• [Your instructions] Copy nothing but the lines below, from the one with "The Supreme Court of" through the one with "This is an 8x10", exactly as written; no pictures should appear.
+===+
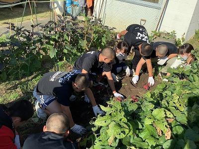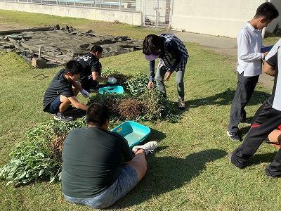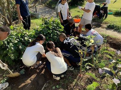 6校時は、全校生で春に植え付け生育記録をしっかりと残し、そして毎日の水やりして手塩にかけて育てた南京豆とサツマイモの収穫でした。ナス、キュウリ、オクラなど実がなるものは随時収穫してそれぞれが持ち帰って料理したり、してもらったりしてきました(ナスはまだ切り戻した枝からおいしい秋ナスが取れています)。今日は土中から大地の恵みをいただきました。なかなかの出来栄えで、ピーナッツ、お芋パーティ?が楽しみですね。
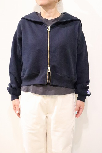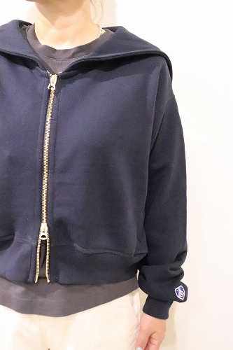 ヴィンテージのスウエットのデザインを元にした定番のジップバーカーをセーラーカラーにデザイン。
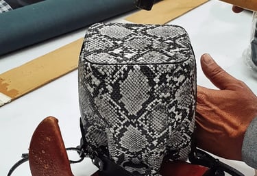 Trabalhamos com materiais premium, selecionados para garantir durabilidade e acabamento impecável. Nossa fábrica e equipe são especializadas em couro legítimo, conectando você a uma ampla rede de fornecedores de curtume, metais e componentes para encontrar o material ideal para o seu projeto.
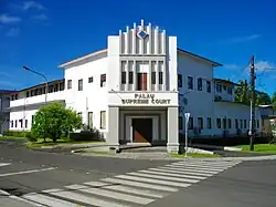 The Supreme Court of Palau is the highest court of Palau. Article X of the Constitution vests the Supreme Court with judicial power and provides for its operation and jurisdiction.[1] The Supreme Court is divided into a Trial Division and an Appellate Division. Cases are adjudicated by a single justice in the Trial Division and appeals are heard by panels of three different justices in the Appellate Division. The Trial Division of the Supreme Court has jurisdiction over all civil matters over $10,000 and criminal matters not assigned to the Court of Common Pleas and adjudication of land interests. The Supreme Court also handles disciplinary and other special proceedings. The Supreme Court consists of Appellate and Trial Divisions. Chief Justice, Oldiais Ngiraikelau, and Associate Justices John K. Rechucher and Fred M. Isaacs are currently serving in the former division, while Presiding Justice, Kathleen M. Salii and Associate Justice Lourdes F. Materne serve in the latter one. Other judges are invited to sit on an as-needed basis as Associate Justices Pro Tem or Part-Time Associate Justices.[2]
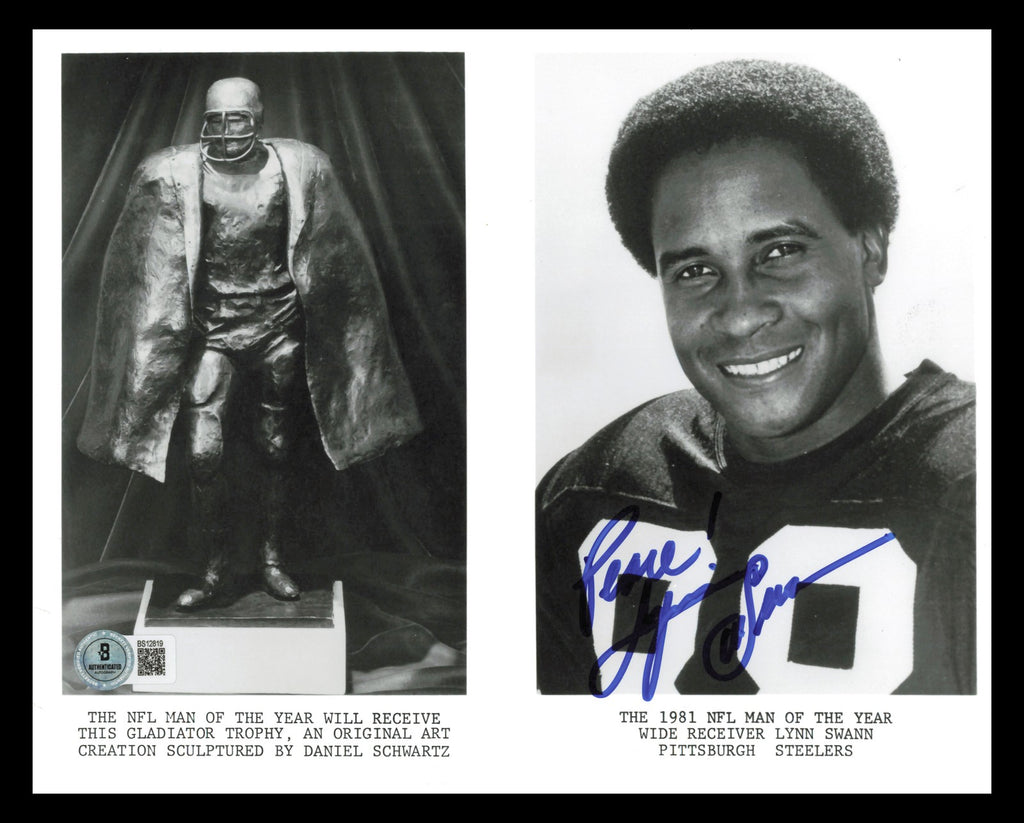 This is an 8x10 Photo that has been hand signed by Lynn Swann. There are creases in the item as shown. This item has been certified authentic by Beckett Authentication (BAS) and comes with their tamper-proof QR Code hologram.
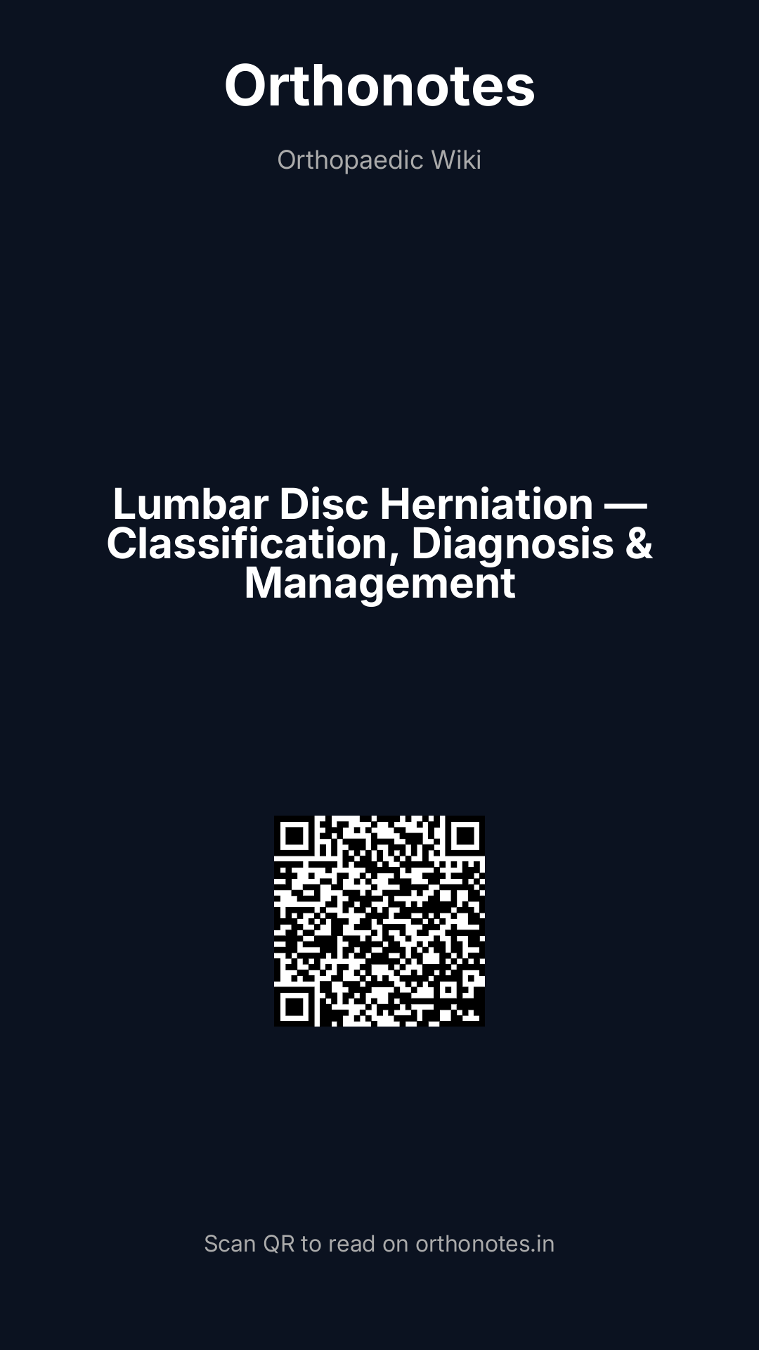 Lumbar disc herniation (LDH) is one of the most common and clinically significant conditions in orthopaedic and spinal surgery, affecting approximately 1–3% of the population at any given time and accounting for the majority of surgically treated spinal conditions worldwide. It occurs when nuclear material from the intervertebral disc — the nucleus pulposus — migrates through a defect in the annulus fibrosus to compress adjacent neural structures (nerve roots or, in severe cases, the cauda equina). The clinical syndrome that results — radiculopathy — is characterised by pain, paraesthesia, and neurological deficit in the dermatomal and myotomal distribution of the compressed nerve root, and must be distinguished from referred (non-dermatomal) back pain. The vast majority of lumbar disc herniations (approximately 90%) resolve with conservative management within 6–12 weeks; surgery is indicated for a minority of patients who fail conservative management or who present with progressive neurological deficit or cauda equina syndrome.
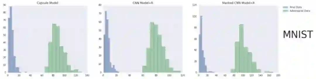 图 2:在 MNIST 的真实数据和对抗数据上,capsule 模型(图左)、CNN+R(图中)、Masked CNN+R(图右)的输入和重建样本之间的 L2 距离直方图。
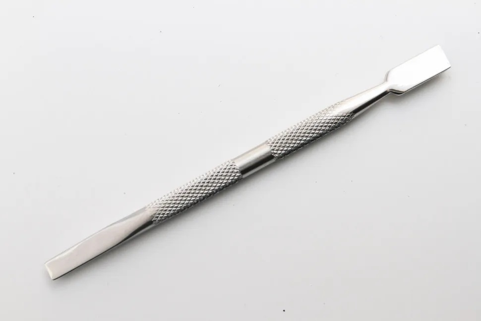 * Двусторонний инструмент: лопатка для бережного отодвигания кутикулы и скруглённый пушер/скребок для очищения птеригия.
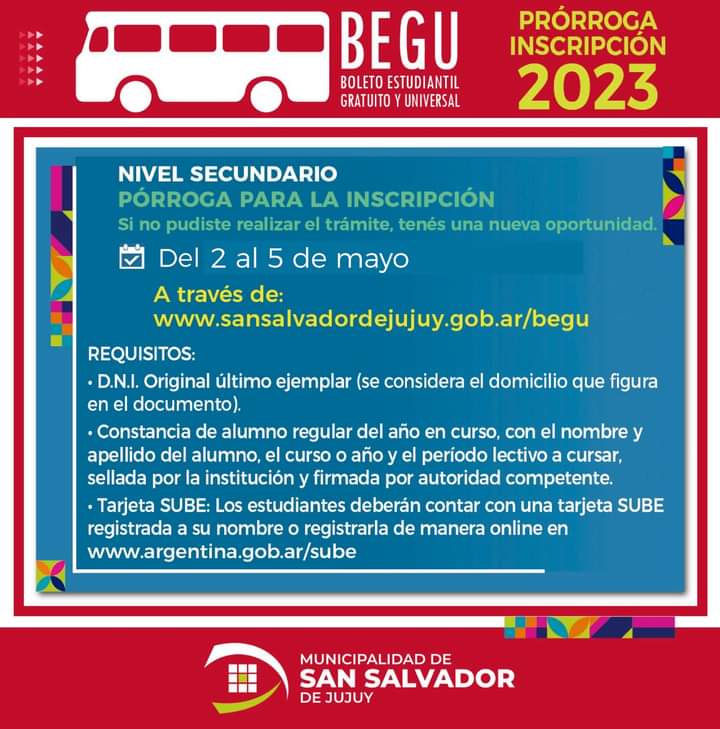 La Municipalidad de San Salvador de Jujuy prorrogó desde el martes 2 de hasta el viernes 5 de mayo la inscripción del BEGU para todos los estudiantes del nivel secundario. Los beneficiarios pueden hacerlo a través de la página web del municipio: www.sansalvadordejujuy.gob.ar
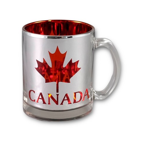 CANADA 11oz GLASS MUG – RED/SILVER W/ MAPLE LEAF FOR COLD AND HOT DRINKS MUG
+===+
• [Exercise response]
 The Supreme Court of Palau is the highest court of Palau. Article X of the Constitution vests the Supreme Court with judicial power and provides for its operation and jurisdiction.[1] The Supreme Court is divided into a Trial Division and an Appellate Division. Cases are adjudicated by a single justice in the Trial Division and appeals are heard by panels of three different justices in the Appellate Division. The Trial Division of the Supreme Court has jurisdiction over all civil matters over $10,000 and criminal matters not assigned to the Court of Common Pleas and adjudication of land interests. The Supreme Court also handles disciplinary and other special proceedings. The Supreme Court consists of Appellate and Trial Divisions. Chief Justice, Oldiais Ngiraikelau, and Associate Justices John K. Rechucher and Fred M. Isaacs are currently serving in the former division, while Presiding Justice, Kathleen M. Salii and Associate Justice Lourdes F. Materne serve in the latter one. Other judges are invited to sit on an as-needed basis as Associate Justices Pro Tem or Part-Time Associate Justices.[2]
 This is an 8x10 Photo that has been hand signed by Lynn Swann. There are creases in the item as shown. This item has been certified authentic by Beckett Authentication (BAS) and comes with their tamper-proof QR Code hologram.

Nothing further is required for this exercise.